Bronchodilators are medicines that are used to treat breathing problems in people with lung diseases such as asthme et maladie pulmonaire obstructive chronique (MPOC). They help to relieve symptoms such as coughing, wheezing and shortness of breath.
Bronchodilators are usually used as inhaled medicines, in inhalers or nebulisers. This is because they usually work better when inhaled than when taken orally: as inhaled medicines, they get directly to the airways, and there are fewer side-effects. However, in some situations, oral bronchodilators might also be used.
There are two types (groups) of oral bronchodilators available to prescribe in the UK. These are:
Beta2 agonists (salbutamol, bambuterol et terbutaline).
Methylxanthines (theophylline et aminophylline).
Aminophylline is a 2:1 mixture of theophylline and ethylenediamine. Ethylenediamine is used to improve how well theophylline dissolves in water. Oral bronchodilators are available as capsules, tablets and oral liquids. Aminophylline is also available as an injection; this is usually given in hospital. They all come in various different brand names.
Two other bronchodilators called ephedrine and orciprenaline are also licensed in the UK. However, they are very rarely used nowadays to treat breathing problems because they can cause serious side-effects such as an irregular heartbeat.

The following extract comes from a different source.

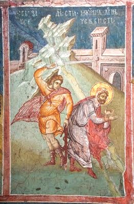 La escena ya estaba lista. Moviéndose rápidamente, el mártir se aproximó a los soldados que se estaban despertando y les reveló su verdadera identidad:

Bronchodilators may also be either:
Short-acting bronchodilators - these are used for quick relief of symptoms
Long-acting bronchodilators - these are used to treat asthma symptoms and enhance the anti-inflammatory effect of inhaled corticosteroids in order to improve lung function.

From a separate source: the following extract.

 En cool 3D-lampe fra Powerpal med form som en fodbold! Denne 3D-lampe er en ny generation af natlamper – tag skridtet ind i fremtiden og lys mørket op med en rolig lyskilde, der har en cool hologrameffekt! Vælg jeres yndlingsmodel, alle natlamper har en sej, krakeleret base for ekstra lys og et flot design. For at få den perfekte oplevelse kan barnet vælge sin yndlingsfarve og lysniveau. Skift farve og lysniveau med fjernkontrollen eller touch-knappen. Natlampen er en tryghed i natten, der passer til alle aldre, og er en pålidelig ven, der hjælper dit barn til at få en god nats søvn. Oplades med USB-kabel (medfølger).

Bronchodilators are also available as inhaled medicines. These are much more commonly used bronchodilators. However, the rest of this leaflet only discusses the use of oral bronchodilators (that is, bronchodilators that you take by mouth as capsules, tablets or liquids). See also the separate leaflets called Asthma Inhalers et Inhalers for COPD (including Inhaled Steroids).

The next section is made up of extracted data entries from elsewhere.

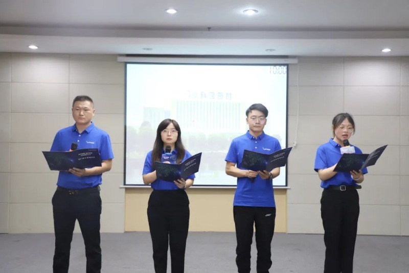 诗朗诵环节,来自公司不同部门、不同岗位、不同工龄的四名员工代表,声情并茂地朗诵了《产品主义宣言》。一张张图片再现了科泽四年多的奋斗历程,一句句台词承载着科泽人对产品主义核心价值观的认同、理解与行动。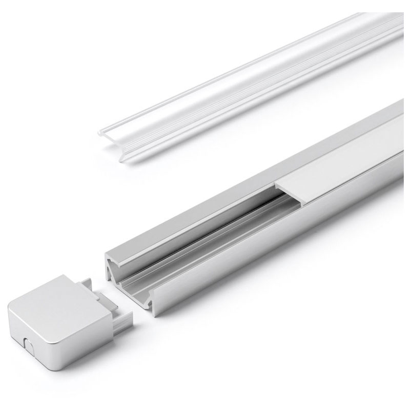 Profil aluminium pour pose encastré ou en applique. Livré avec diffuseur translucide. Décor argent. Peut recevoir une ou deux bandes led largeur 7,5 et 8mm.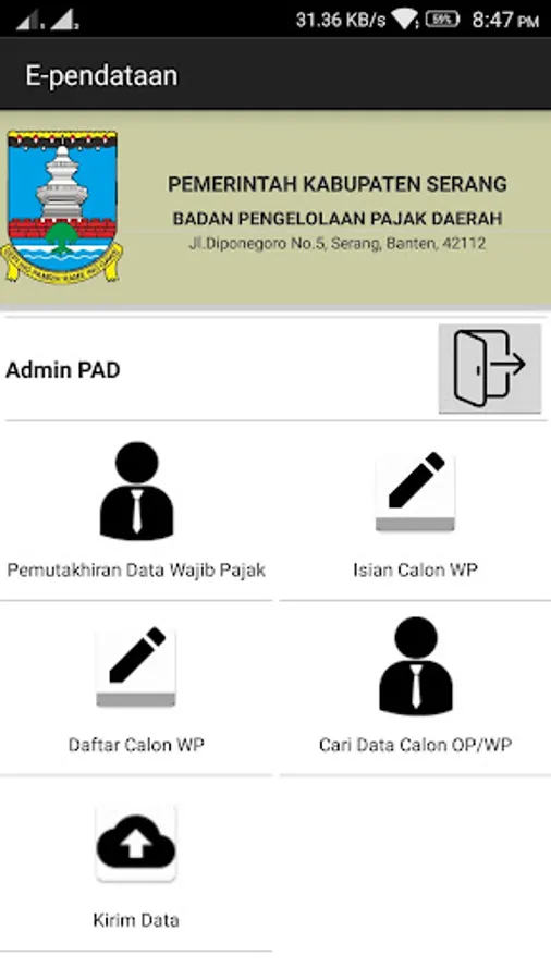Serang District e-Data Collection is addressed to Bapenda of Serang Regency

How do oral bronchodilators work?
Retour au sommaireThe word bronchodilator means to widen (dilate) the bronchi. Bronchodilators work by opening the air passages (bronchi and bronchioles) wider so that air can flow into the lungs more freely. The two different types of bronchodilators work in a slightly different way to one another.
Beta2 agonists
Work by stimulating receptors called beta2 receptors in the muscles that line the air passages. This relaxes these muscles, which can make the air passages widen which can make it easier to breathe.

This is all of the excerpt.